Tiada lagi pundak sandaran kecuali tangisan. Tiada lagi yang tersisa, kau lihat jari-jariku, layu kaku, diserap beban duka, kau lihat wajahku, seperti kembang hampir mati, kau lihat mataku, hanya airmata yang ada, kau lihat tubuhku, yang tak lagi utuh.

Kau ingin rasakan cucuran airmata, luka, duka yang saya punya? Jangan, aku takut engkau akan tenggelam dalam airmataku. Jangan, aku khawatir patahan reranting luka dukaku menghalangi peta jejakmu.

Aku menjadi saksi kebiadaban. Aku menjadi saksi pembantaian. Aku menjadi bukti ketidakberdayaan. Aku dibesarkan dengan dendam dan darah. Aku diasuh tangan keras senjata dan peluru. Entah berapa abad lagi aku tamatkan kebiadaban ini. Entah berapa senja lagi akan aku isyaratkan ketakutan dan kecemasan ini. Aku inginkan waktu berpintu dan berjendela. Biar kutinggalkan dan kutanggalkan kenangan hitam ini. Kenangan penuh debu dan mesiu.
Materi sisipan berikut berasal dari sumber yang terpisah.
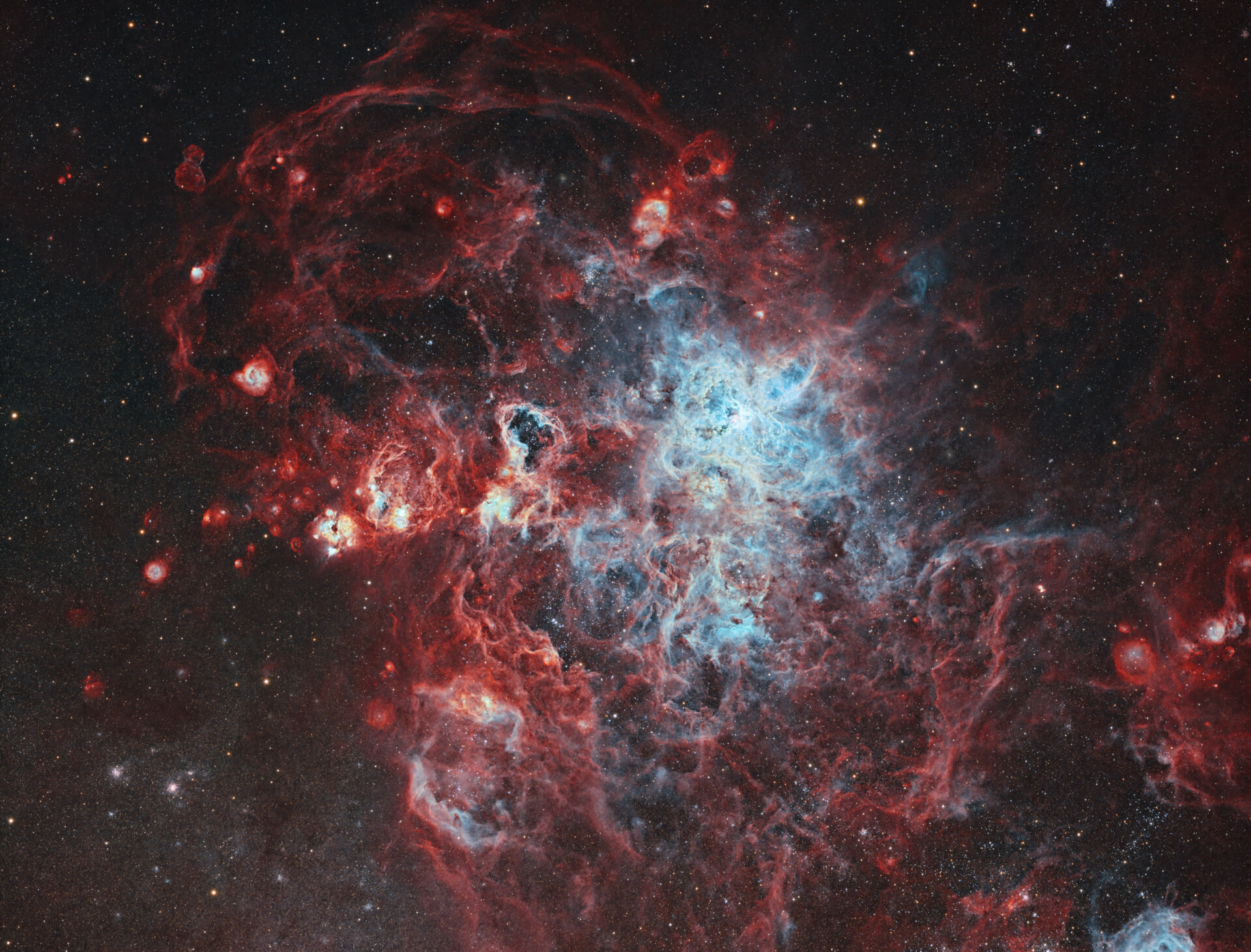 The Tarantula Nebula is undoubtedly one of the best objects in the night sky, visually, photographically, and scientifically. Situated roughly 49Kpc (160,000 Ly) from Earth, this HII region is not within our own Galaxy, but rather the Large Magellanic Cloud (LMC), a dwarf galaxy which is the closest significant neighbour to the Milky Way. It is the most active know star forming region within the local group of galaxies, and is thought to contain almost 1 million stars and protostars that have formed within it. This is explained by the Nebula’s position at the leading edge of the LMC; As the LMC travels through the intergalactic medium, it experiences a force called ram pressure which compresses the inter-stellar medium within the galaxy,resulting in a very high rate of star formation. It is possible that the Tarantula Nebula is also fed with gas stripped from the Small Magellanic Cloud, another dwarf galaxy that orbits the LMC.

sudah lama saya tak punya cinta, tak ada yang tersisa, kecuali benci. Kau ingin mengembalikan cintaku yang hilang? Jangan, nanti kau kehilangan cinta, karena saya diterpa kehausan akan cinta. Biarkan sawah ladangku tetap gersang, biarkan kemarau selalu meranjau. Aku sudah terbiasa kekeringan tanpa hujan. Aku sudah terbiasa meminum seduhan keringat hangat, yang keluar dari jari-jari tangan dan kaki. Aku sudah terbiasa memandang taman tanpa bunga, karena bunga itu duri. Dan duri sudah menjadi pakaianku sehari-hari. Aku takut kau tersusuk duriku dan berdarah. Aku hanya ingin kau menjadi bunga, yang menebarkan semerbak mewangi kepada bumi”.

Aku ingin mengambil durimu, untuk melindungi bungaku.
Aku ingin memberikan semerbak bungaku, untuk membasuh lukamu.

Lalu aku gamit tangannya. Aku balut tubuhnya dengan jaket tebalku. Aku masukkan ia ke dalam gua jiwaku. Aku ingin menjadi tameng hantaman peluru baginya. Cinta. Aku mencintainya. Di sinilah cintaku dicoba. Aku ingin berkorban apa saja demi cinta. Cinta adalah perjuangan. Cinta harus diperjuangkan. Cinta adalah pengorbanan. Gigil tubuhku lumayan mereda. Aku merasakan kehangatan airmata yang mengalir deras dari kedua matanya. Aku berjalan pelan-pelan dengan menyisihkan serakan tulang-belulang. Sementara suara gelegar halilintar dari jet-jet tempur serdadu Israel masih terdengar. Aku percepat langkah kaki menuju kamar. Sampai kamar, aku langsung merebahkan tubuh di kasur: aku ingin tidur. Gadis manis cilik itu tetap di gua jiwaku. Aku balut sekujur tubuhku dengan selimut. Kelopak mata yang mekar perlahan-lahan menguncup. Redup.

Betapa terkagetnya aku ketika bangun tidur pagi hari: gadis manis cilik itu tidak ada dalam gua jiwaku. Ia telah menghilang. Aku bergegas bangkit dari ranjang. Keluar kamar. Berlari mencari gadis manis cilik itu. Tak ada tapak jejak. Aku berlari di bawah cahaya matahari pagi yang menari-nari. Tiba-tiba sayup-sayup telingaku mendengar suara: suara gadis manis cilik itu: “Thank You. Make love. Make peace. Make poems not bombs”.

Gemuruh guruh suara gadis manis cilik itu menjelma sajak:

make love
make peace
make poems
not bombs

Aku jejakkan sajak itu di tapak bumi. Aku menginjak bumi bermandikan cahaya matahari.


Asrama asmara, Darus Salam, 06/01/09 12:15:12 malam.